Reporter takes a look back at campus 100 years ago
Heather Hines, Reporter
100 years ago The Lasso had just passed its second birthday but still had much to say about TWU’s busy student body. Here’s a throwback to TWU in 1916 as captured by The Lasso.
“First H. A. group leaves cottage”
Jan. 21, 1916: Six household art students left the demonstration cottage after two weeks together where they displayed their skills of household management. Each girl stepped in as lady of the house and managed the household for two days under scrutiny of her peers and professor. During the first dinner hosted by the girls Fort Worth Star-Telegram reporters and TWU’s president and his wife attended.
“Shakespearean pageant May 22”
May 5, 1916: Updating readers about the Shakespeare tercentenary celebration, this article announced the cast for the celebratory scenes from three of Shakespeare’s plays that would be performed as well as traditional English songs and dances to commemorate the great poet and playwright. The celebration was announced in April and would take a month of practice and 200 students to orchestrate.
“Important changes in C. I. A. curriculum”
Sept. 12, 1916: Quite a few changes to the College of Industrial Arts (C. I. A.) were announced in this article. Admission standards for freshman were raised, new fields of study were introduced and a new class schedule, using six days of the week, were made public to the university. TWU’s new president claimed these improvements would raise the bar at which TWU operated and the academic opinion about the university.
“Students exercise right to suffrage”
Nov. 10, 1916: Although the passing of the nineteenth amendment took four more years to secure TWU students were eager to insert their political ideas into the world no matter what. In a mock election headed by TWU’s President, students elected Woodrow Wilson as president of the United States in a landslide.
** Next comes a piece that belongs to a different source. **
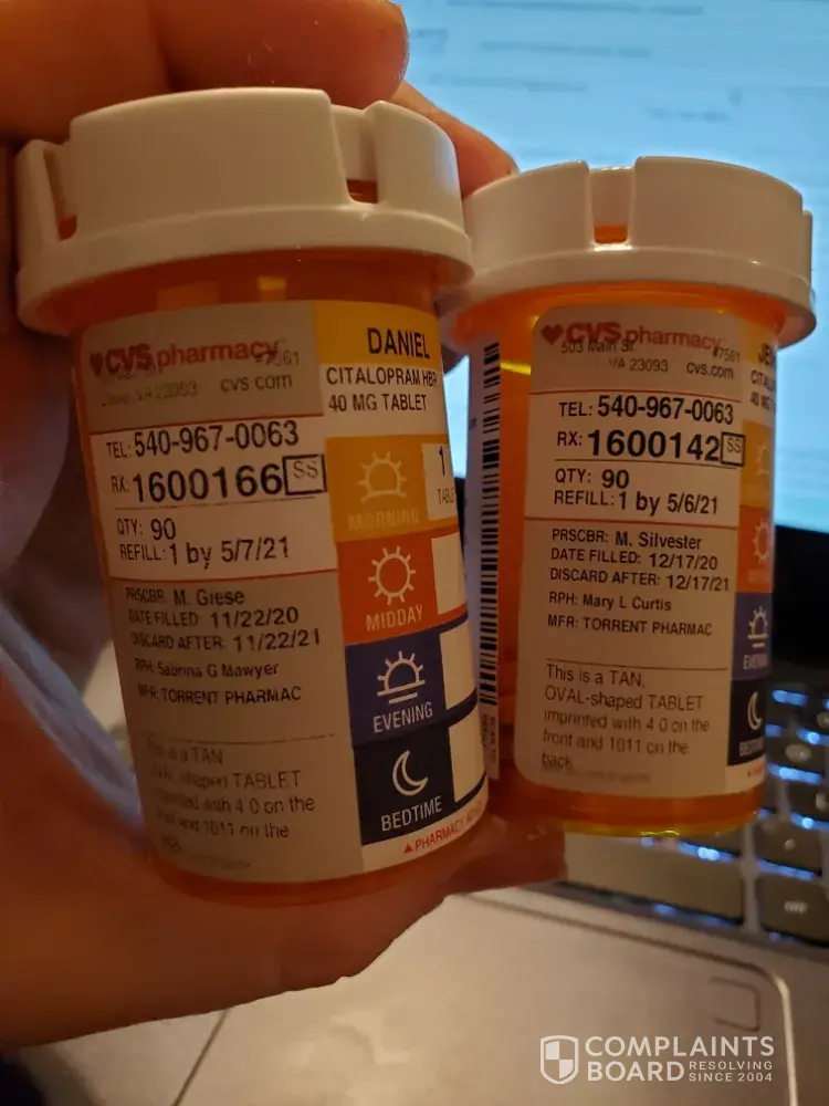 My wife and I have been using your CVS location in Louisa Virginia for the past five plus years and have never had any issues till this last year and now this week. We both take Citalopram HBR 40MG and each get a 90 day supply, and have been for years, Last year my wife had an issue with one of her refills and was told that she had already picked it up and...

“Helen M. Stoddard visits the college”
Dec. 15, 1916: The name sake of what then was a dormitory and now an office building, stopped by for a visit. Mrs. Stoddard helped secure the location for TWU and served as a secretary to TWU’s board of regents, before moving on the campaign trail for temperance and woman’s suffrage – topics she lectured over before touring the campus and joining students for tea.